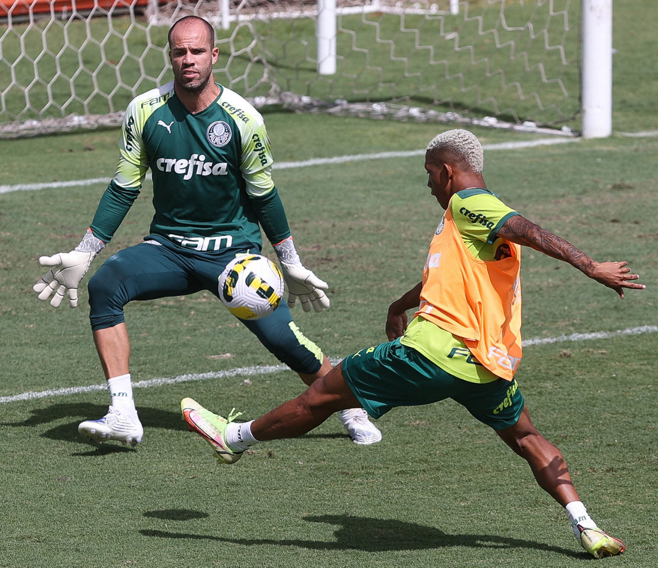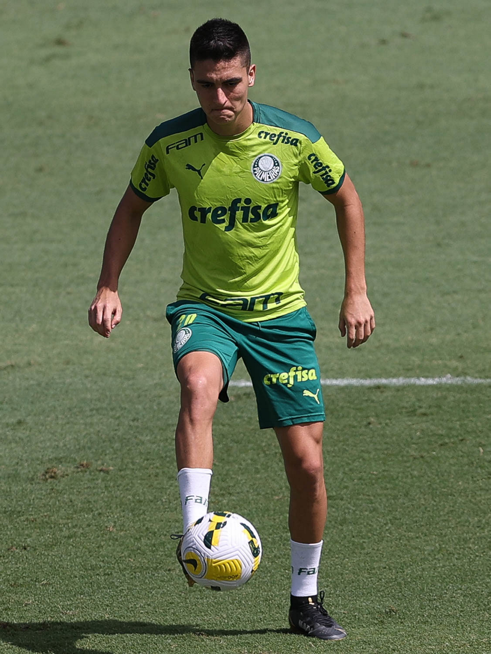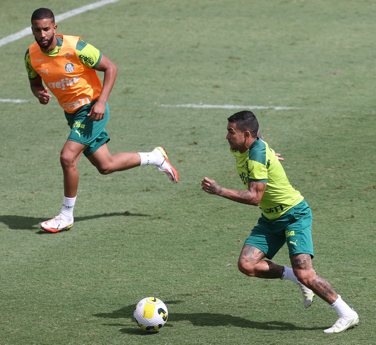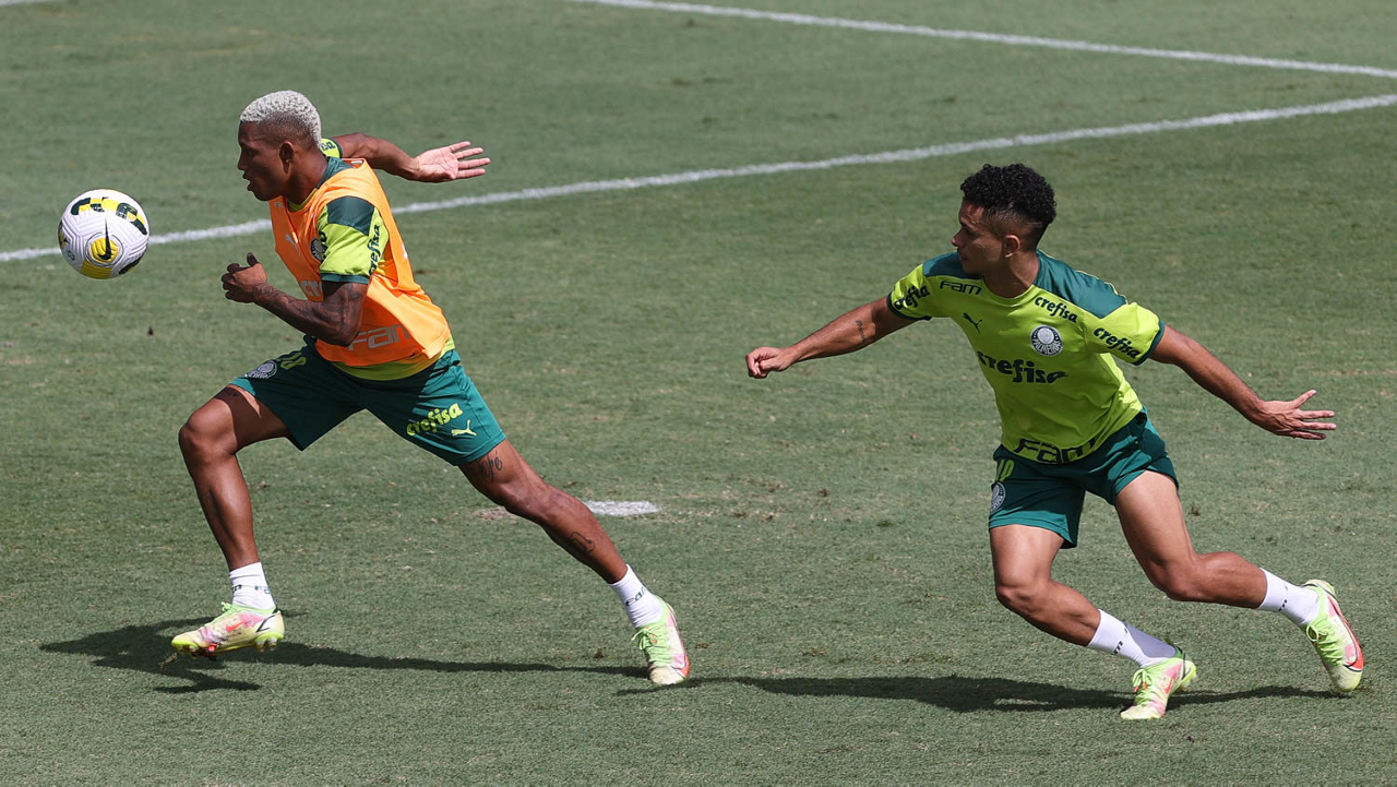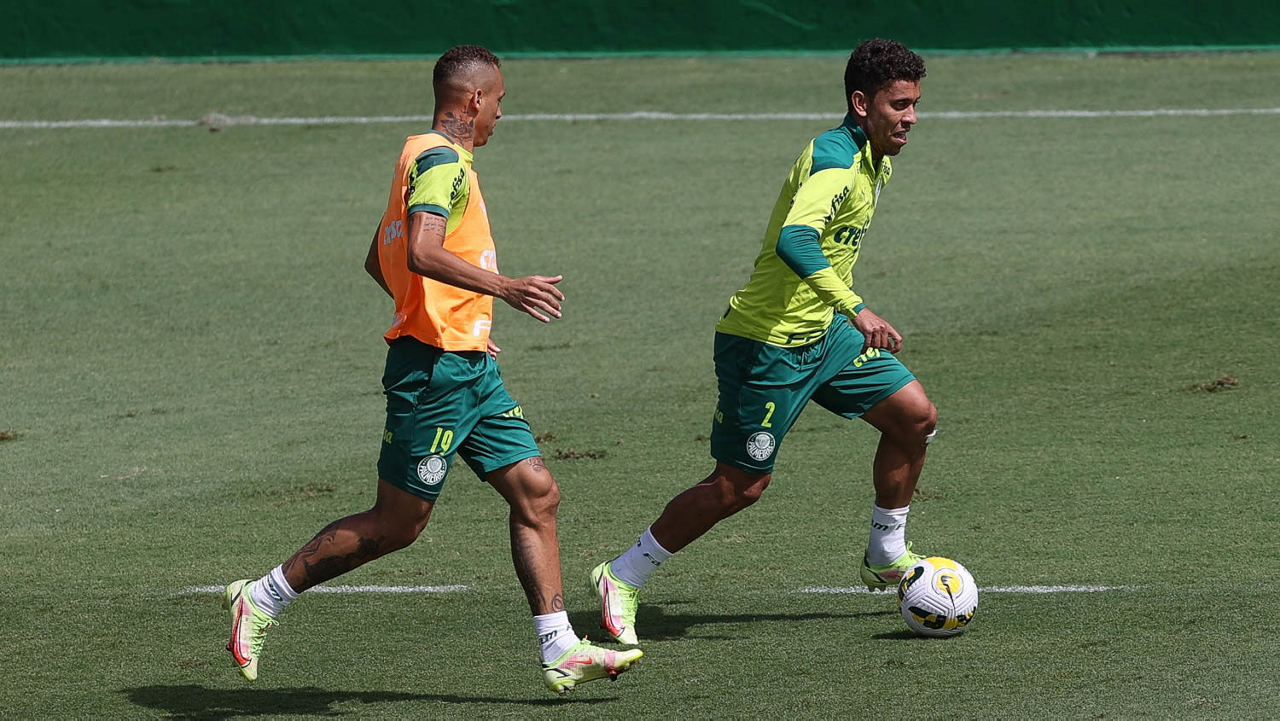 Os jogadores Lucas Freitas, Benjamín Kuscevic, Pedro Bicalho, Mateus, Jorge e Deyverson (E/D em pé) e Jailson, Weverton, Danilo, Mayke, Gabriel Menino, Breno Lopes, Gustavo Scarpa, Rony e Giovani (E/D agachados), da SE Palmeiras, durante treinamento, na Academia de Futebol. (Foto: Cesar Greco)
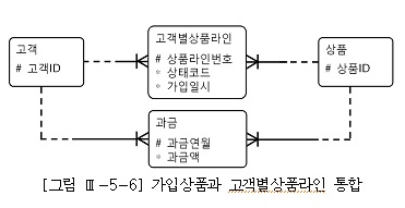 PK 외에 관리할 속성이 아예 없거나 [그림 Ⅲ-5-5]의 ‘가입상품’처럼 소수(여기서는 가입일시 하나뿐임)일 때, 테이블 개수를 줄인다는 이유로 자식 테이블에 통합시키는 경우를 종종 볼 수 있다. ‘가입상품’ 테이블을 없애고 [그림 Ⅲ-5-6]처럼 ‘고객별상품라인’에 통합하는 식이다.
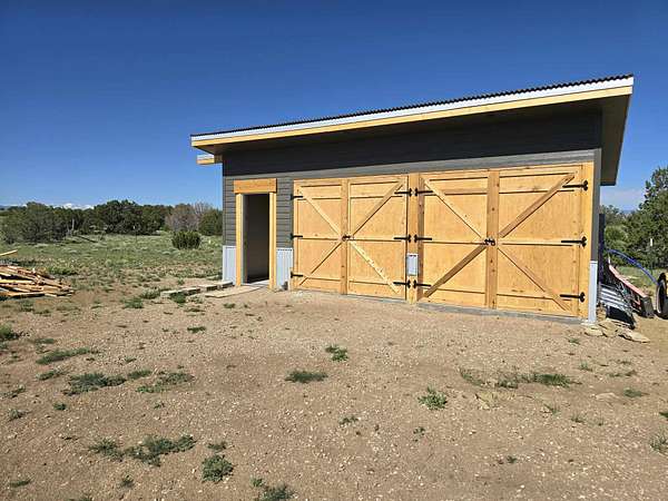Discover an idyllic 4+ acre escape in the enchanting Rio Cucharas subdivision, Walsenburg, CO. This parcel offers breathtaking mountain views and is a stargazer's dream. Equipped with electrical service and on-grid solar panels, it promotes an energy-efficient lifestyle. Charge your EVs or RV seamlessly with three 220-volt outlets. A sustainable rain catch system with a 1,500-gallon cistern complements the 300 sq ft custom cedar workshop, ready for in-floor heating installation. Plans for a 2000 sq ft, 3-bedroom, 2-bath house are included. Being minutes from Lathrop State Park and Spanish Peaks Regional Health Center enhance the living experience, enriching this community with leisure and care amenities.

____________

Reproduce the listing exactly. Leave its pictures out.

 Os jogadores Lucas Freitas, Benjamín Kuscevic, Pedro Bicalho, Mateus, Jorge e Deyverson (E/D em pé) e Jailson, Weverton, Danilo, Mayke, Gabriel Menino, Breno Lopes, Gustavo Scarpa, Rony e Giovani (E/D agachados), da SE Palmeiras, durante treinamento, na Academia de Futebol. (Foto: Cesar Greco)
 PK 외에 관리할 속성이 아예 없거나 [그림 Ⅲ-5-5]의 ‘가입상품’처럼 소수(여기서는 가입일시 하나뿐임)일 때, 테이블 개수를 줄인다는 이유로 자식 테이블에 통합시키는 경우를 종종 볼 수 있다. ‘가입상품’ 테이블을 없애고 [그림 Ⅲ-5-6]처럼 ‘고객별상품라인’에 통합하는 식이다.
Discover an idyllic 4+ acre escape in the enchanting Rio Cucharas subdivision, Walsenburg, CO. This parcel offers breathtaking mountain views and is a stargazer's dream. Equipped with electrical service and on-grid solar panels, it promotes an energy-efficient lifestyle. Charge your EVs or RV seamlessly with three 220-volt outlets. A sustainable rain catch system with a 1,500-gallon cistern complements the 300 sq ft custom cedar workshop, ready for in-floor heating installation. Plans for a 2000 sq ft, 3-bedroom, 2-bath house are included. Being minutes from Lathrop State Park and Spanish Peaks Regional Health Center enhance the living experience, enriching this community with leisure and care amenities.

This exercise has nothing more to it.